### Task requirements
Nothing outside the range is to be copied. From the entries below, reproduce exactly the lines starting at the one with "刘亚仁饰演的泰仁和刘在明饰演" and ending at the one with "Výstava ručních prací", without pictures.

### The records

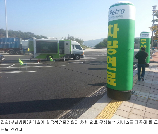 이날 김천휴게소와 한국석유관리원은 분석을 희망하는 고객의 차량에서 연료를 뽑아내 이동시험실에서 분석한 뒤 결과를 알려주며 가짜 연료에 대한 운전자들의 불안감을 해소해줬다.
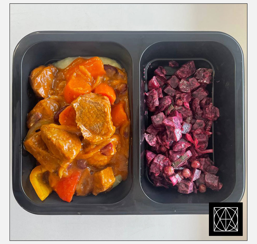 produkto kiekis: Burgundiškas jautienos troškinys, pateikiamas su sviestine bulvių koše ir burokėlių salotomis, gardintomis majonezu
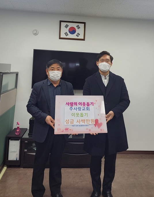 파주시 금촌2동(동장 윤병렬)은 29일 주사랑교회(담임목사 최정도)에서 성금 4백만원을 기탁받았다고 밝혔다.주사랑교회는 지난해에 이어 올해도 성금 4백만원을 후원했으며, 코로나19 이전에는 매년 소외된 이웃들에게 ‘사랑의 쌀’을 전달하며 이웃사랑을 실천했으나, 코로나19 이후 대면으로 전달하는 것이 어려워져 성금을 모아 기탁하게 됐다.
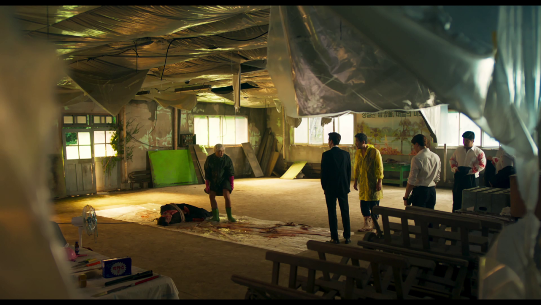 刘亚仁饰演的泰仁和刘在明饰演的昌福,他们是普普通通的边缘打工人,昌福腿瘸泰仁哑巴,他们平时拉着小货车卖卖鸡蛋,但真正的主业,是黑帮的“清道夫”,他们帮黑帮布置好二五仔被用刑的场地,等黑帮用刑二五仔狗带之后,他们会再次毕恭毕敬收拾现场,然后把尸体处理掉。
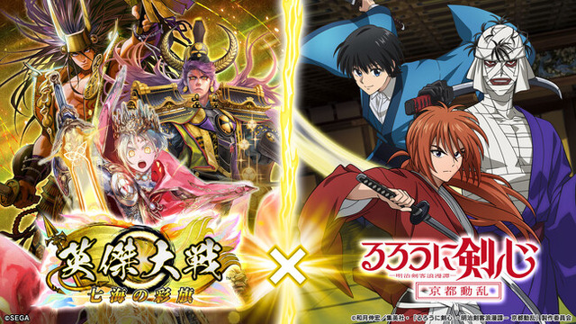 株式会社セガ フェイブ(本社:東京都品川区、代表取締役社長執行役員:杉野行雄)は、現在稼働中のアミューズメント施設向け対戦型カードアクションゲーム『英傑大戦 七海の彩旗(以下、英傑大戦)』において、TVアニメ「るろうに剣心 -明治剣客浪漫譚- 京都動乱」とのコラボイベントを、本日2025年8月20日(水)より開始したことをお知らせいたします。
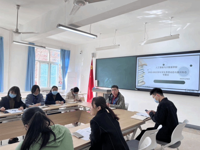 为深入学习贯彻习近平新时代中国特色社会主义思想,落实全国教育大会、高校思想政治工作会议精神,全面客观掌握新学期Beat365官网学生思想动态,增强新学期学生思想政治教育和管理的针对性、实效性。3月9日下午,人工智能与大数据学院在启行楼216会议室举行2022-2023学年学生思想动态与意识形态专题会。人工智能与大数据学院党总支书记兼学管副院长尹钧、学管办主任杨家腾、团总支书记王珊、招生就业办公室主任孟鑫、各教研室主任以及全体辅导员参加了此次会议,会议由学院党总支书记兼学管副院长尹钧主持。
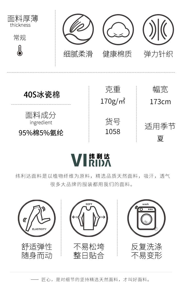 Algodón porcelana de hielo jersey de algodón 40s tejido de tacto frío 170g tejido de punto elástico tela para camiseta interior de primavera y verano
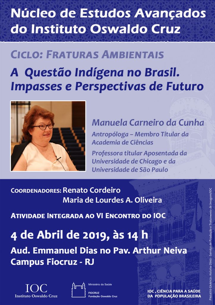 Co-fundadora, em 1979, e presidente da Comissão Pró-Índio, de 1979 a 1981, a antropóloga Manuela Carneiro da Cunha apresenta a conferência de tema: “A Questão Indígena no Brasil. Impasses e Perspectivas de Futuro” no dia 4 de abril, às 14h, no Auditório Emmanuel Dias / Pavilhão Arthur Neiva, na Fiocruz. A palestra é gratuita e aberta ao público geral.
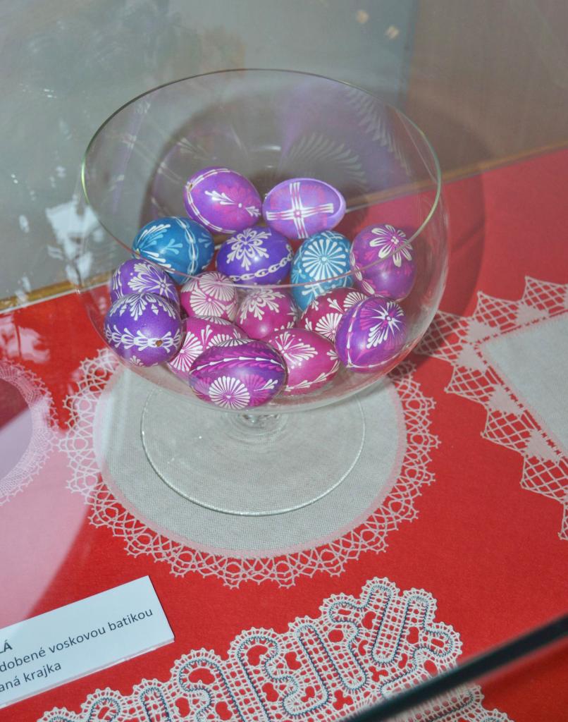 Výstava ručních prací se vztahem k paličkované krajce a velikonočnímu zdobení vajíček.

* * *

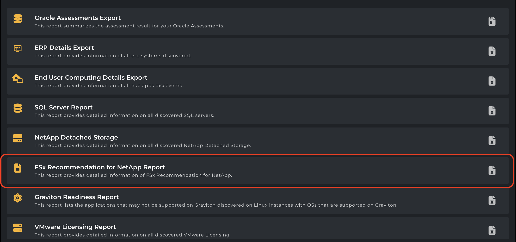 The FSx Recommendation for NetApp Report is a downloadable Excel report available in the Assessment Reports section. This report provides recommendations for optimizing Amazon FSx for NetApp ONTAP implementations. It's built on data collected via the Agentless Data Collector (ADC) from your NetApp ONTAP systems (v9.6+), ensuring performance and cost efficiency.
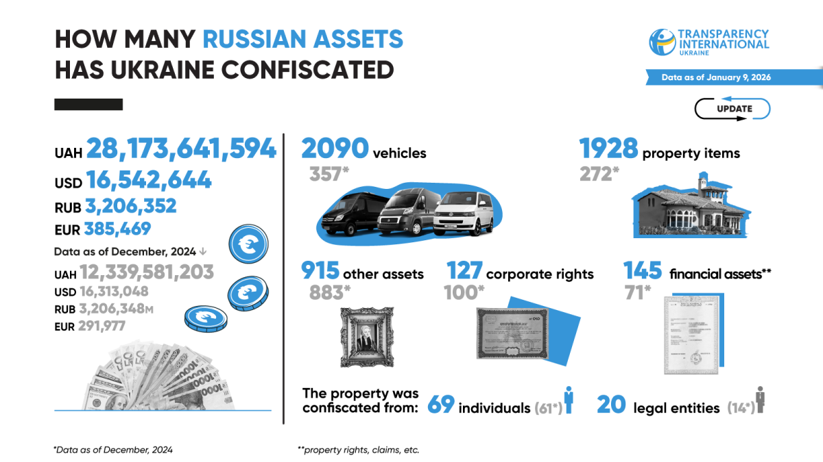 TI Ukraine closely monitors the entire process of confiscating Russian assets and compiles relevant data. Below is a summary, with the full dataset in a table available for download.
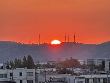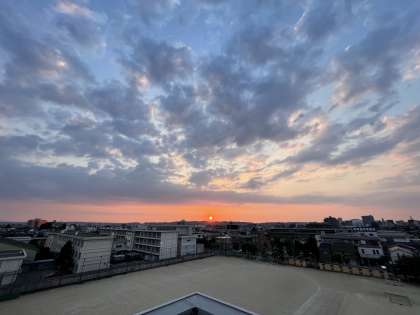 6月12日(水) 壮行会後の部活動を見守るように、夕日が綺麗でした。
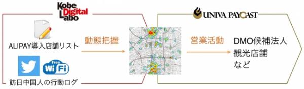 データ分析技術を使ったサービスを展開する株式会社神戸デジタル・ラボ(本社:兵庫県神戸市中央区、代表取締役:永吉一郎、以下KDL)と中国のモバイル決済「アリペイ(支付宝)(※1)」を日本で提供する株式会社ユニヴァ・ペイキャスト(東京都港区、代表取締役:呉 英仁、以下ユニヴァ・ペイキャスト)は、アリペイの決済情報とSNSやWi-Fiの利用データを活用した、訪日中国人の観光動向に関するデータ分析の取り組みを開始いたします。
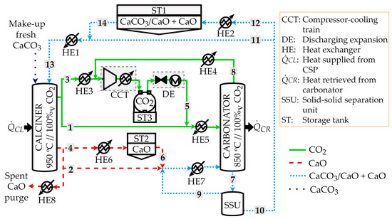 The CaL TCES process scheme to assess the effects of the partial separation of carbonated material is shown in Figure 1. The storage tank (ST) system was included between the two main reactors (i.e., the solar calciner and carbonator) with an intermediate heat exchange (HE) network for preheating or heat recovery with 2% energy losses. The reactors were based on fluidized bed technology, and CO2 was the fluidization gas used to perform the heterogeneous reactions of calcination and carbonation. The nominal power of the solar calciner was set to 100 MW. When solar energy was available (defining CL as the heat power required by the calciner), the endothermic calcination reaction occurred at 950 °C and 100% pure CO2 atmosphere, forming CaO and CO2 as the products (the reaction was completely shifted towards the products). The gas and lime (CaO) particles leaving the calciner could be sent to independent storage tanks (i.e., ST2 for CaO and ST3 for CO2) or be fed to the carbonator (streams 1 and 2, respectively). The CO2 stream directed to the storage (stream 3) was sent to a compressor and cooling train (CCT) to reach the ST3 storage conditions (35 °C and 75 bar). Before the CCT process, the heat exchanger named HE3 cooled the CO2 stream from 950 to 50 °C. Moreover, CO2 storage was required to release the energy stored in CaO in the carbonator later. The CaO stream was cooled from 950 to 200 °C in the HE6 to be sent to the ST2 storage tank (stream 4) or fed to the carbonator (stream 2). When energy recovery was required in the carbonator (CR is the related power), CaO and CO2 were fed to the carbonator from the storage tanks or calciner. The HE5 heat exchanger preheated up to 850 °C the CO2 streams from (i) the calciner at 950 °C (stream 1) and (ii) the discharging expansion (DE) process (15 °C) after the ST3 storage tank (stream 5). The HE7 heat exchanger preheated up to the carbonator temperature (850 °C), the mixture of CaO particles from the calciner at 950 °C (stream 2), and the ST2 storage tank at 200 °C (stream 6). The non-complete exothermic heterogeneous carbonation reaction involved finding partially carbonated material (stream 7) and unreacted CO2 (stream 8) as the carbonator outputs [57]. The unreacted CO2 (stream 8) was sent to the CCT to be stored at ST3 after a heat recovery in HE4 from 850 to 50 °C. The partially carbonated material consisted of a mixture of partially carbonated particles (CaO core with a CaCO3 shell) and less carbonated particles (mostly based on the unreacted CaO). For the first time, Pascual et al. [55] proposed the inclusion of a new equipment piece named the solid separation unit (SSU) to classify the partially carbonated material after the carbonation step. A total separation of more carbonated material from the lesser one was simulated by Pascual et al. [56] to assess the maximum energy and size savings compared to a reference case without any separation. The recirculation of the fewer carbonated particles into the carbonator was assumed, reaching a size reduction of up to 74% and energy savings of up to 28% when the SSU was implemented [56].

==

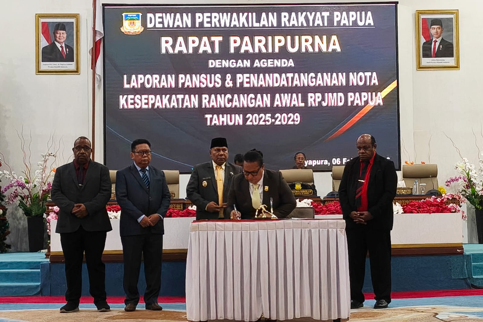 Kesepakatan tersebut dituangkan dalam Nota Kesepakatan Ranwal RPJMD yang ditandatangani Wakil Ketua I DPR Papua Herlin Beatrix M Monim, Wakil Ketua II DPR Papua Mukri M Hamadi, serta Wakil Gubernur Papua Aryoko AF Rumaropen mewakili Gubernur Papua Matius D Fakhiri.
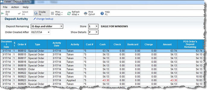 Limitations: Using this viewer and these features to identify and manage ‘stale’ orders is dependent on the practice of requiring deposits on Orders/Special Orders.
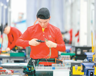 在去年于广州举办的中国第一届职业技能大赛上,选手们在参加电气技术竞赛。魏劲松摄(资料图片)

### Written answer
 刘亚仁饰演的泰仁和刘在明饰演的昌福,他们是普普通通的边缘打工人,昌福腿瘸泰仁哑巴,他们平时拉着小货车卖卖鸡蛋,但真正的主业,是黑帮的“清道夫”,他们帮黑帮布置好二五仔被用刑的场地,等黑帮用刑二五仔狗带之后,他们会再次毕恭毕敬收拾现场,然后把尸体处理掉。
 株式会社セガ フェイブ(本社:東京都品川区、代表取締役社長執行役員:杉野行雄)は、現在稼働中のアミューズメント施設向け対戦型カードアクションゲーム『英傑大戦 七海の彩旗(以下、英傑大戦)』において、TVアニメ「るろうに剣心 -明治剣客浪漫譚- 京都動乱」とのコラボイベントを、本日2025年8月20日(水)より開始したことをお知らせいたします。
 为深入学习贯彻习近平新时代中国特色社会主义思想,落实全国教育大会、高校思想政治工作会议精神,全面客观掌握新学期Beat365官网学生思想动态,增强新学期学生思想政治教育和管理的针对性、实效性。3月9日下午,人工智能与大数据学院在启行楼216会议室举行2022-2023学年学生思想动态与意识形态专题会。人工智能与大数据学院党总支书记兼学管副院长尹钧、学管办主任杨家腾、团总支书记王珊、招生就业办公室主任孟鑫、各教研室主任以及全体辅导员参加了此次会议,会议由学院党总支书记兼学管副院长尹钧主持。
 Algodón porcelana de hielo jersey de algodón 40s tejido de tacto frío 170g tejido de punto elástico tela para camiseta interior de primavera y verano
 Co-fundadora, em 1979, e presidente da Comissão Pró-Índio, de 1979 a 1981, a antropóloga Manuela Carneiro da Cunha apresenta a conferência de tema: “A Questão Indígena no Brasil. Impasses e Perspectivas de Futuro” no dia 4 de abril, às 14h, no Auditório Emmanuel Dias / Pavilhão Arthur Neiva, na Fiocruz. A palestra é gratuita e aberta ao público geral.
 Výstava ručních prací se vztahem k paličkované krajce a velikonočnímu zdobení vajíček.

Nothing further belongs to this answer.